DOSA ADAM DAN HAWA MENURUT MITOS
Berbicara tentang dosa, tentu kita
akan teringat kepada sosok syaithan
yang selalu membujuk manusia untuk berbuat jahat. Dan berbicara tentang Adam, tentu
akan mengingatkan pula kepada iblis yang
membangkang perintah Allah SWT. untuk hormat kepadanya. Seolah-olah ada dua
makhluk yang berbeda, padahal secara wujud dia adalah satu. Dia adalah makhluk
hidup yang disebut jin, yang
diciptakan dari api yang sangat panas sebelum Adam, yang pada akhirnya
membangkang perintah Allah SWT. dan bertekad akan selalu menyesatkan manusia ke
dalam perbuatan jahat dan keji. Pengertian ini
didapat dengan merangkum tiga firmanNya yaitu, Surat Al-Hijr ayat 27:
“Dan kami telah menciptakan jin sebelum (Adam) dari api yang sangat
panas.”
Surat Al-Kahf ayat 50:
“Dan (ingatlah) ketika Kami berfirman kepada
para malaikat, ‘Sujudlah kamu kepada Adam!’, maka mereka pun bersujud kecuali iblis. Dia adalah dari (golongan) jin,
maka dia mendurhakai perintah
Tuhannya. Pantaskah kamu menjadikan dia dan keturunannya sebagai pemimpin
selain Aku, padahal mereka adalah musuhmu? Sangat buruklah (iblis itu) sebagai
pengganti (Allah) bagi orang yang zalim.”
dan surat Al-Baqarah ayat 169:
“Sesungguhnya
(syaithan) itu hanya menyuruh kamu
(manusia) agar berbuat jahat dan keji,
dan mengatakan apa yang tidak kamu ketahui tentang Allah.”
Jin pembangkang perintah Allah SWT. inilah
yang telah berhasil menyesatkan Adam dan Hawa. Dia disebut syaithan karena sesat, menyesatkan dan sangat jahat. Syaithan selalu berusaha untuk
menjauhkan manusia dari petunjuk Allah SWT. dan mendekatkan pada laranganNya.
Salah satu prestasinya yang sangat terkenal adalah keberhasilannya membujuk
Adam dan Hawa untuk memakan buah khuldi.
Buah yang berasal dari sebuah pohon
yang terlarang untuk didekati oleh Adam dan Hawa. Prestasi ini telah terukir di segala penjuru dunia dan tercatat
sebagai dosa Adam dan Hawa karena makan buah khuldi. Menjadi pemahaman yang melegenda
secara turun-temurun, dari umat ke umat dan dari generasi ke generasi. Bahkan,
masih banyak yang meyakininya kebenarannya. Padahal keyakinan ini tidak sesuai
dengan Al-Qur’an.
Marilah mencoba mencermati
komunikasi Adam dan Hawa dengan syaithan, seperti yang diterangkan melalui firmanNya
dalam Surat Thaahaa ayat 120 dan
121:
“Kemudian
syaithan membisikkan (pikiran jahat) kepadanya dengan berkata, ‘Wahai Adam! Maukah aku tunjukkan kepadamu pohon khuldi
(keabadian) dan kerajaan yang tidak akan binasa?’
“Lalu keduanya memakannya, dan tampaklah oleh
keduanya aurat mereka dan mulailah keduanya menutupinya dengan daun-daun (yang ada di) surga, dan telah
durhakalah Adam kepada Tuhannya, dan sesatlah dia.”
Dalam kedua ayat tersebut
diterangkan bahwa yang ditunjukkan oleh syaithan
dan yang dimakan oleh Adam dan
Hawa adalah pohon keabadian (syajaratil
khuldi), bukan buah keabadian (tsamaratil khuldi).

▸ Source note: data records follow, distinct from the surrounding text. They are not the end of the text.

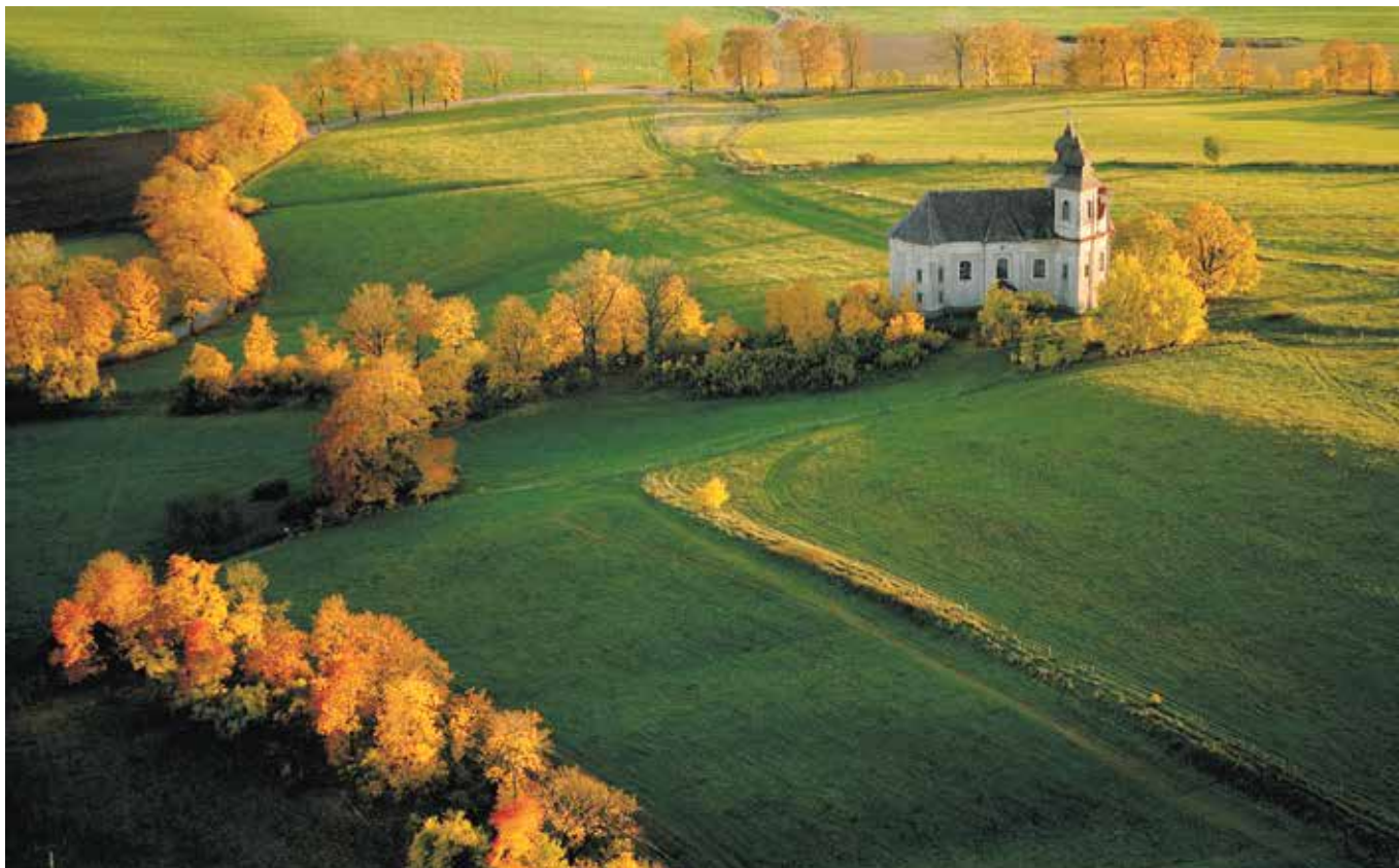
Aleje jako krajinný prvek vedoucí k významným místům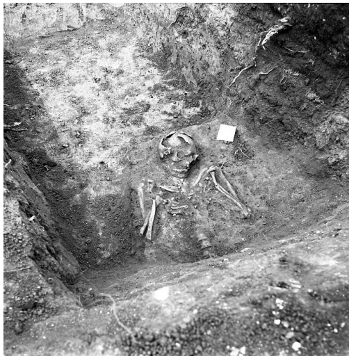
Сл. 9. Локалитет Црквина у Лаћиследу, један од делимично откопаних гробова (фотографија из 1972, Документација Завода за заштиту споменика културе Краљево)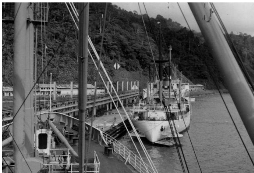
Figura 3 Muelle de Golfito en operación s.f.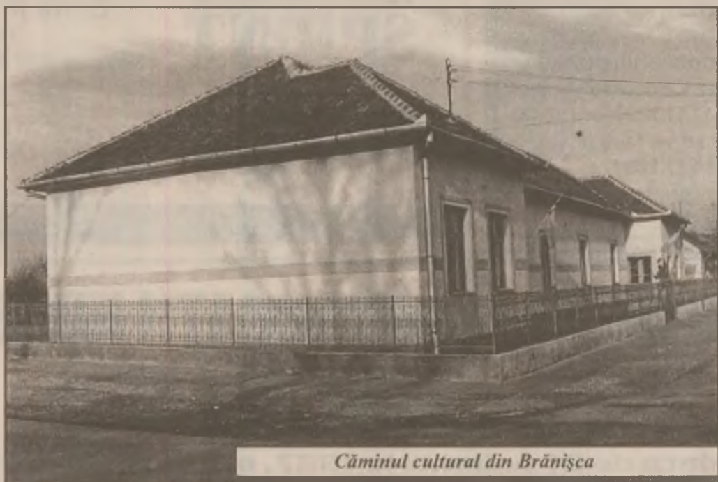
Căminul cultural din Brănișca

votarea în plenul Parlamentului a miniștrilor care vor fi numiți în eventualitatea unei remanieri guvernamentale. Frunda a amintit că a sesizat, în timpul guvernării Văcăroiu, Curtea Constituțională, împreună cu alți parlamentari ai fostei opoziții, cerând interpretarea articolului din Constituție referitor la remanieră. Răspunsul Curții a confirmat poziția fostei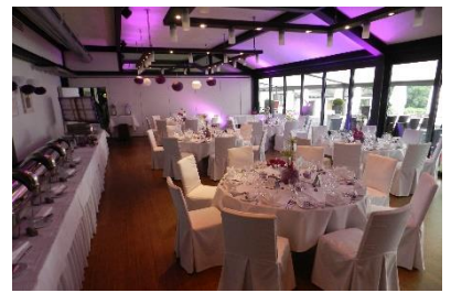
Runde Tische bis max. 54 Personen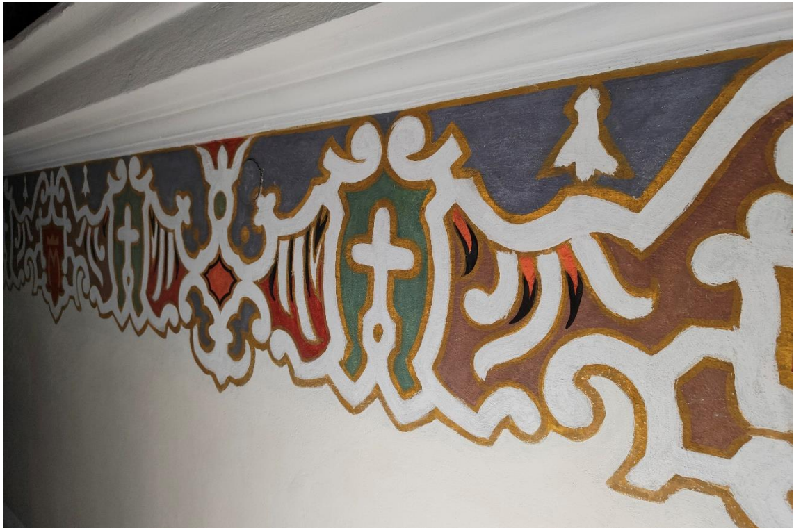
Ornament dolny pół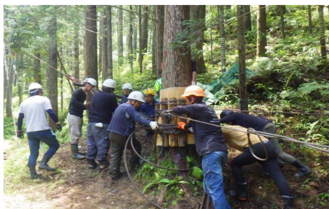
2-(1) みやざき林業大学校短期課程(林業作業士養成研修)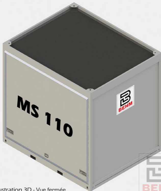
Fig.6 Illustration 3D - Vue fermée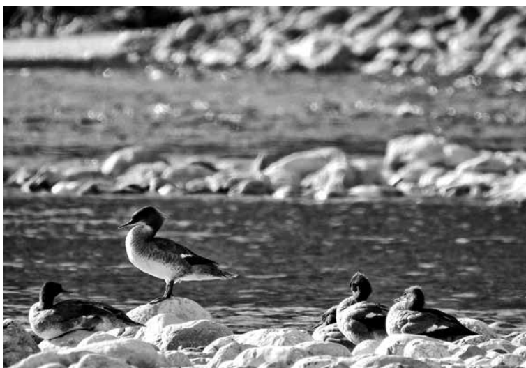
VELIKI ŽAGARJI OB SOČI.

Na evropski ravni v okviru projekta Shared Green Deal poteka 24 družbenih eksperimentov s prioritarnih področij Zelene dogovora. Kot projektni partner je bil Posoški razvojni center vključen v izvajanje enega od štirih eksperimentov na področju ohranjanja biotske raznovrstnosti.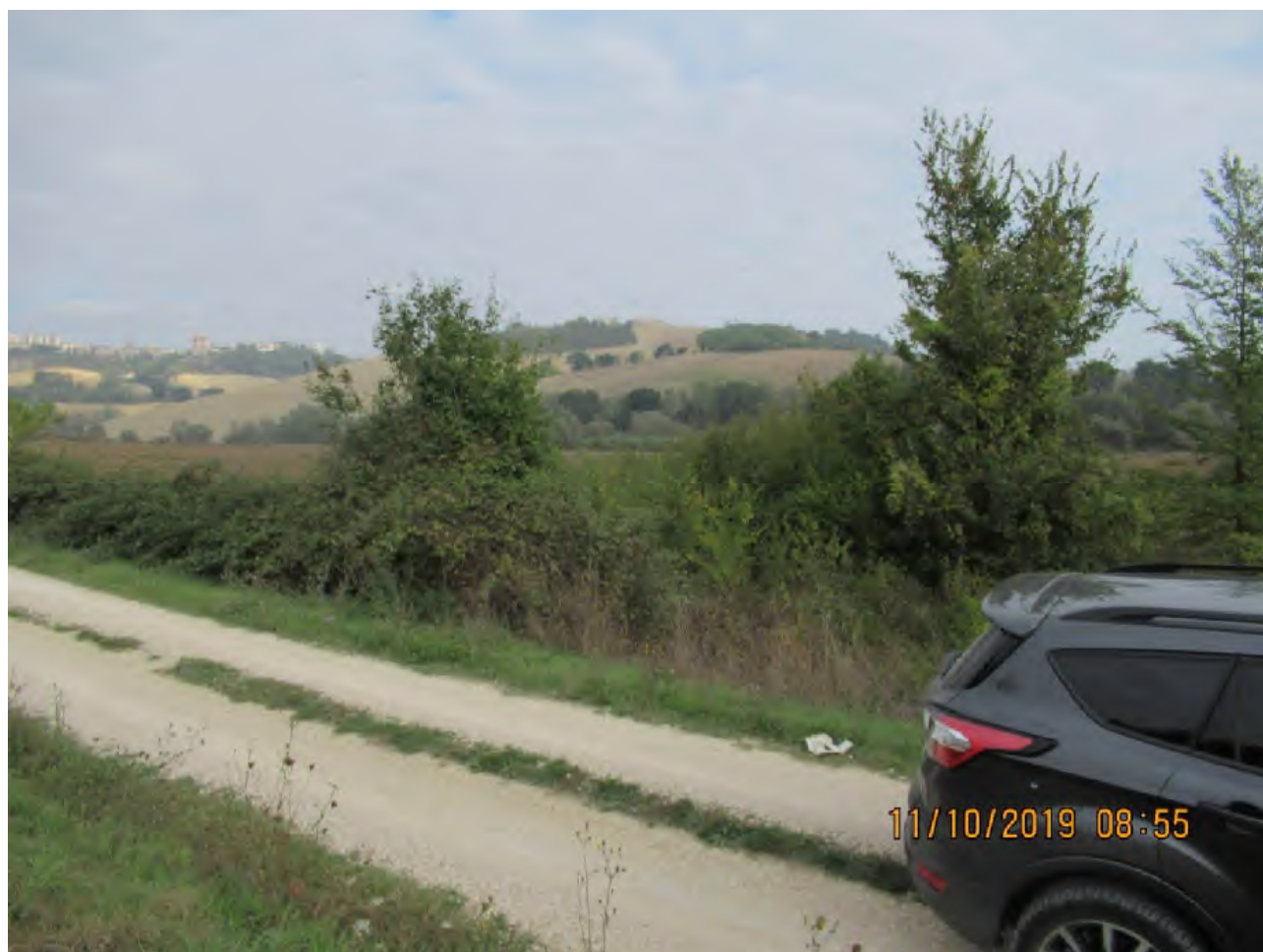
VISTA TERRENI AGRICOLI

Maka atas dasar logika, tidaklah mungkin Adam dan Hawa memakan buah berikut pohonnya. Lagipula buah-buahan
justru menjadi rezeki bagi semua
ciptaanNya. Seperti firmanNya, dalam Surat Al-Baqarah ayat 22:
“(Dialah) yang menjadikan bumi sebagai
hamparan bagimu dan langit sebagai atap. Dan Dialah yang menurunkan air (hujan)
dari langit, lalu Dia hasilkan dengan (hujan) itu buah-buahan sebagai rezeki
untukmu. Karena itu, janganlah kamu mengadakan tandingan-tandingan bagi
Allah, padahal kamu mengetahui.”
Di dalam ayat tersebut diterangkan
bahwa dengan air Allah SWT. menumbuhkan
buah-buahan dan menjadi rezeki “untukmu”, tentu saja termasuk untuk kita sebagai manusia. Sehingga
dapat dikatakan bahwa semua buah-buahan (termasuk
buah khuldi) itu halal bagi semua manusia, juga bagi Adam dan Hawa. Dan dari
sinilah penulis menyadari, bahwa pemahaman tentang dosa Adam dan Hawa adalah
memakan buah khuldi ternyata hanya MITOS BELAKA ! Lantas, dosa apa yang telah diperbuat keduanya? Untuk mengetahuinya,
marilah kita mencoba melakukan penelusuran kisah Adam dan Hawa mulai dari KitabNya (Lauh Mahfuz).
2 lauh mahfuz
SEGALA puji bagi Allah Pencipta bumi,
langit, dan apa yang ada di antara keduanya, yang terlebih dahulu menuliskan
semua gagasanNya di dalam sebuah kitab (lauh
mahfuz). Berupa kalimat-kalimat Tuhan Allah SWT. Terdiri dari
alternatif-alternatif langkah yang bebas dipilih dan dijalani oleh semua
makhluk hidup ciptaanNya. Ibarat sebuah
permainan catur, sebelum dimulai maka semua peran beserta pilihan langkah yang
dapat ditempuh telah dituliskan sebagai aturan mainnya. Ada berjuta-juta,
bahkan bermilyar-milyar pilihan langkah yang dapat ditempuh. Setiap langkah
sebagai pilihannya akan membawa pada akibatnya masing-masing.
Dalam penulisan kitabNya Allah
SWT. tidak sendiri, namun dibantu malaikat
yang diciptakan lebih awal dari ciptaan-ciptaanNya yang lain. Hal tersebut
diterangkan melalui firmanNya dalam Surat
Al-Hadid ayat 22:
“Setiap musibah yang menimpa di bumi dan yang
menimpa dirimu sendiri, semuanya telah tertulis dalam kitab (lauh mahfuz)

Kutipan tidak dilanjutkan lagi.